*** Provided material ***
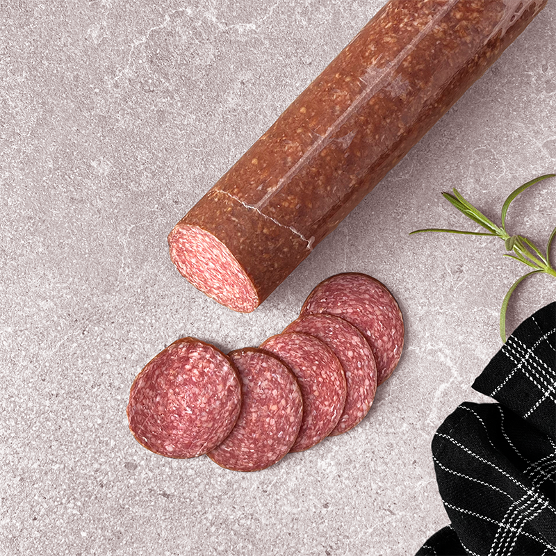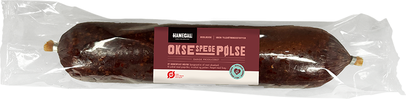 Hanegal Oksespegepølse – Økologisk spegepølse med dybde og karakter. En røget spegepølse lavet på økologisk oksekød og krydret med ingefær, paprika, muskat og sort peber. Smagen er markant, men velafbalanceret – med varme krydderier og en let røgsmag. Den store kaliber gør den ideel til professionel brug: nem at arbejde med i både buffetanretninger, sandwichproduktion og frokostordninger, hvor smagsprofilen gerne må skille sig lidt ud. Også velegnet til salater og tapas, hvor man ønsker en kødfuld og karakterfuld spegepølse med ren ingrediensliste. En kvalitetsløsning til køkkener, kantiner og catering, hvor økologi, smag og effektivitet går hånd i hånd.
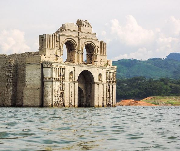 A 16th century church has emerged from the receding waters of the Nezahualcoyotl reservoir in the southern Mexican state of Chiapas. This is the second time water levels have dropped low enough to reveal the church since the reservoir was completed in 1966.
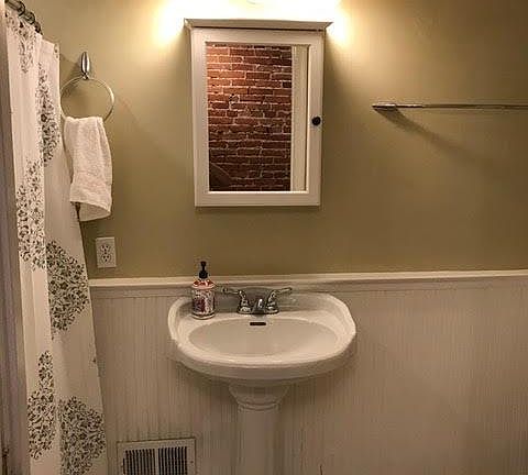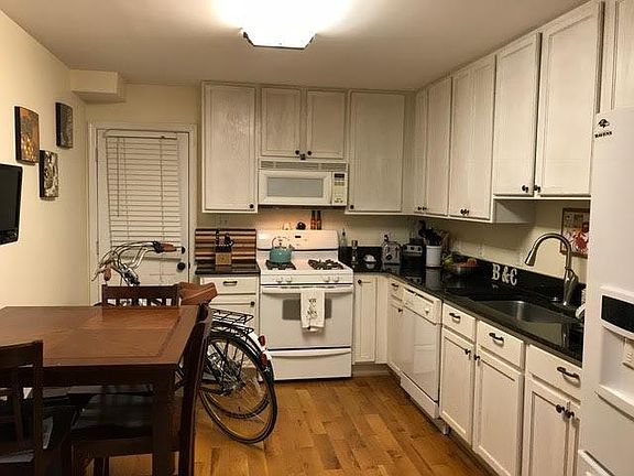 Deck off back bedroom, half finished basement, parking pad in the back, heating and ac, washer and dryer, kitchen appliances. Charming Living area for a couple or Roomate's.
*** End of Provided material ***
*** Provided material ***
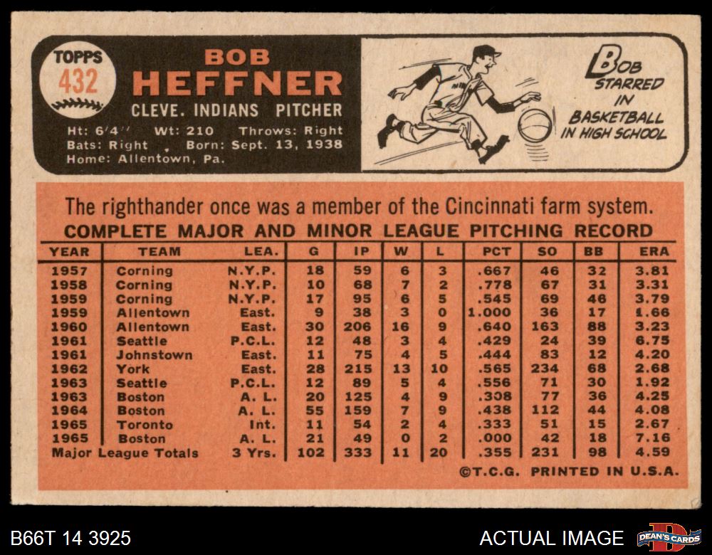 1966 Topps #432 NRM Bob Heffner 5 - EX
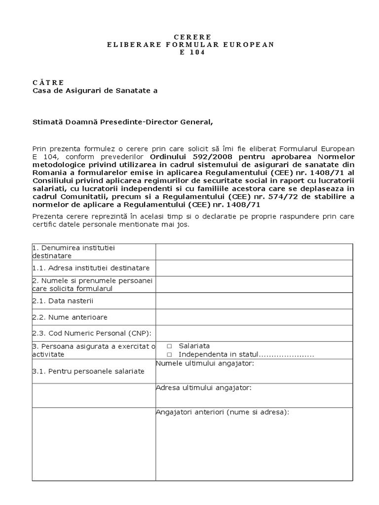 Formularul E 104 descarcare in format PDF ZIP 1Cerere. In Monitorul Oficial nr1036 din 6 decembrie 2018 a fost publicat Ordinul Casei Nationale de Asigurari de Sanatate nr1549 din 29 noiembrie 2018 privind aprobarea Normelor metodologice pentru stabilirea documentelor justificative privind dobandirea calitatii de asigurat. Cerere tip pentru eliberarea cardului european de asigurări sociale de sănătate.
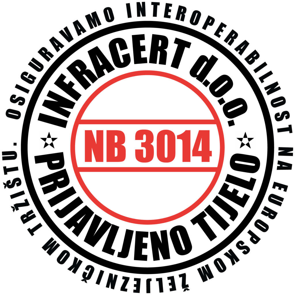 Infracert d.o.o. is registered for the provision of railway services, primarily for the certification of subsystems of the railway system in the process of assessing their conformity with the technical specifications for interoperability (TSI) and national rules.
*** End of Provided material ***
*** Provided material ***
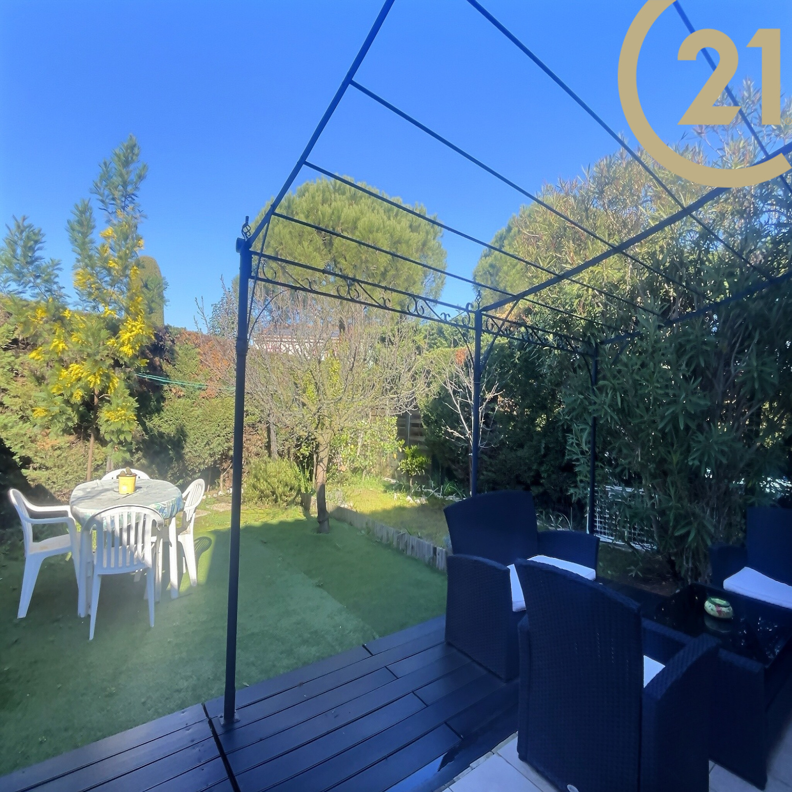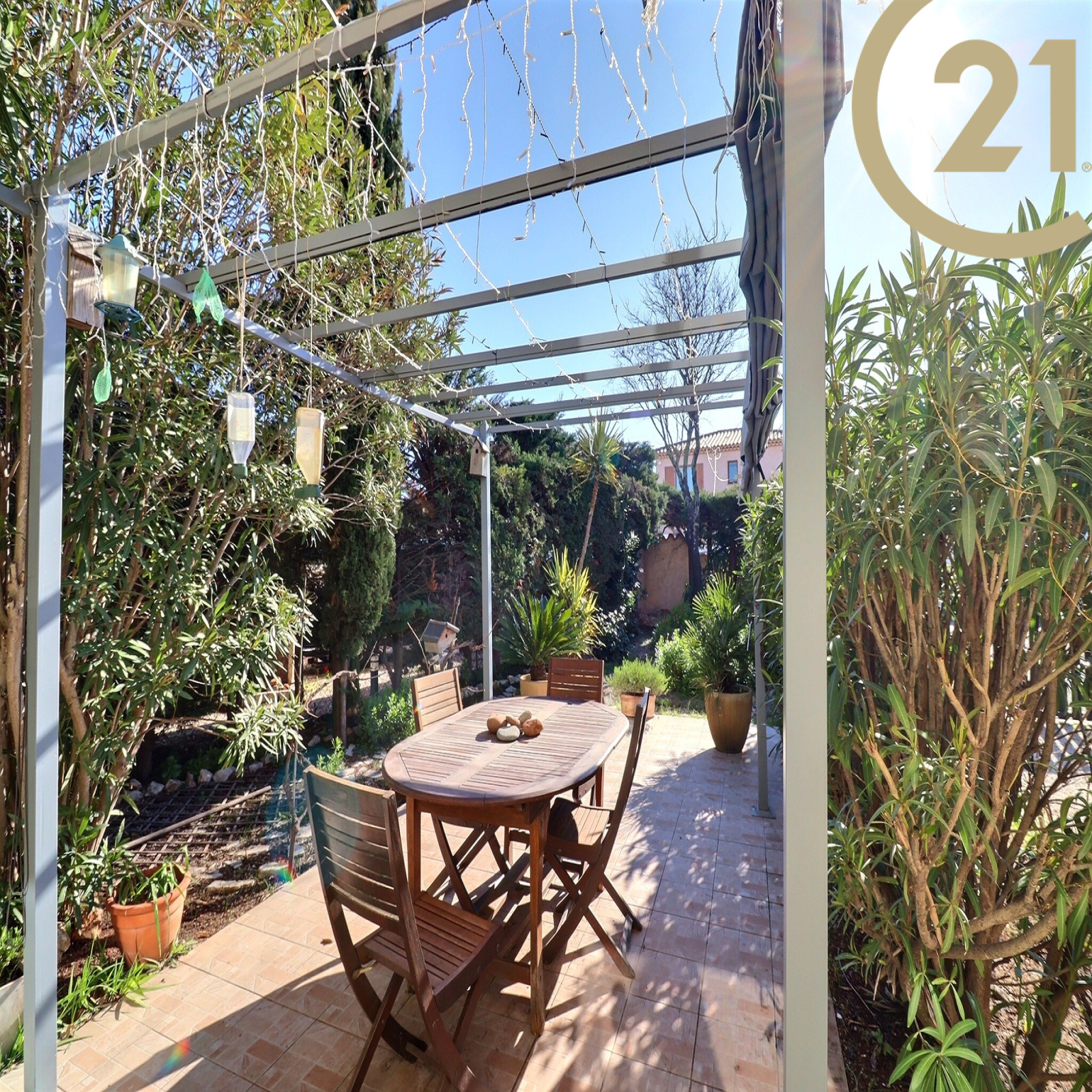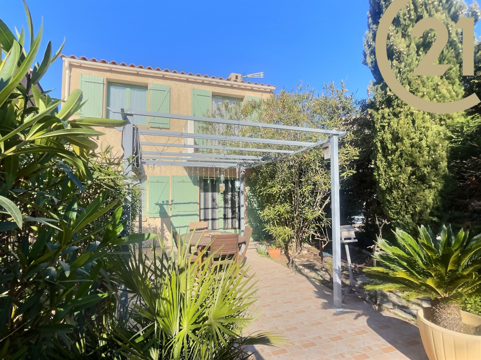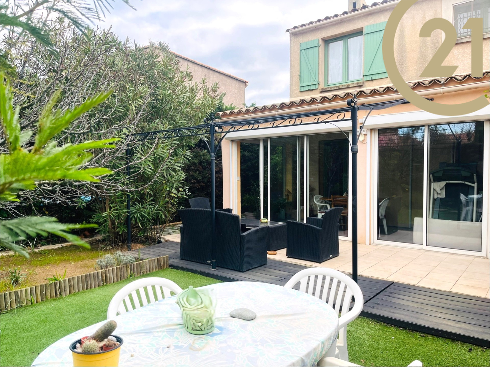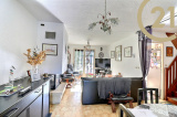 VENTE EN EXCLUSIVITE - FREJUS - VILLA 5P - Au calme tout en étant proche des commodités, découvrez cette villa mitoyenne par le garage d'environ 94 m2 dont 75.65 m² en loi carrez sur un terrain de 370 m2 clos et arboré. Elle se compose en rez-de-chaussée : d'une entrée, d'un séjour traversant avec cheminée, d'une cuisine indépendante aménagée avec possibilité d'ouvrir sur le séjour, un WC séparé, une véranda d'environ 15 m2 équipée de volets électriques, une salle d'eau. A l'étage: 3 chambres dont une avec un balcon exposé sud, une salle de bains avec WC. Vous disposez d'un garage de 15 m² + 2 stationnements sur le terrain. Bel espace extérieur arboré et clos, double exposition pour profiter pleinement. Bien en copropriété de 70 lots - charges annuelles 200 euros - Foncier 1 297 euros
*** End of Provided material ***
== Task to carry out ==
Out of the records above, please copy exactly the lines from the line with "1966 Topps #432 NRM Bob Heffner 5 - EX" up to and including the line with "Infracert d.o.o. is", minus the pictures.

== Expected answer ==
 1966 Topps #432 NRM Bob Heffner 5 - EX
 Formularul E 104 descarcare in format PDF ZIP 1Cerere. In Monitorul Oficial nr1036 din 6 decembrie 2018 a fost publicat Ordinul Casei Nationale de Asigurari de Sanatate nr1549 din 29 noiembrie 2018 privind aprobarea Normelor metodologice pentru stabilirea documentelor justificative privind dobandirea calitatii de asigurat. Cerere tip pentru eliberarea cardului european de asigurări sociale de sănătate.
 Infracert d.o.o. is registered for the provision of railway services, primarily for the certification of subsystems of the railway system in the process of assessing their conformity with the technical specifications for interoperability (TSI) and national rules.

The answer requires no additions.